Sie stellen fest, dass hinter dem vielmals ersehnten Ruhestand Ernüchterung wartet und daraus Niedergeschlagenheit und Depression folgen können. Man sollte sich selbst neu entdecken. Lebenslanges Lernen wird immer wichtiger. Geistiges Wachstum ist ein lebenslanger Prozess, der hört keinesfalls mit 50 Plus auf.

Sie verlangen viel. Lernen die Älteren nicht schwerer als die Jungen?

Sie lernen vielleicht nicht so schnell, aber mit viel Engagement und hoher Motivation. Vor allem, wenn sie ernsthaft Interesse an dem Erlernten haben und wenn sie sich aussuchen können, was sie lernen wollen.

Wie kann man sein Selbstwertgefühl steigern?

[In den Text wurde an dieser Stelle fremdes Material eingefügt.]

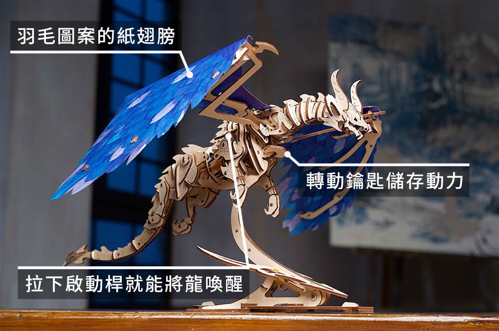要賦予這個模型生命只需旋轉龍胸前的鑰匙,並拉動啟動桿來釋放動力。

Konzentrieren Sie sich auf Ihre Stärken. Heben Sie das Positive am neuen Lebensabschnitt hervor. Akzeptieren Sie sich in Ihrer Unvollkommenheit. Nur wer sich selbst wertschätzt, kann auch andere wertschätzen. Pflegen Sie soziale Kontakte. Eigenbrötelei ist der größte Fehler.

Der Münchner Diplom-Psychologe Louis Lewitan ist Co-Autor von „Das war meine Rettung", Edel-Verlag.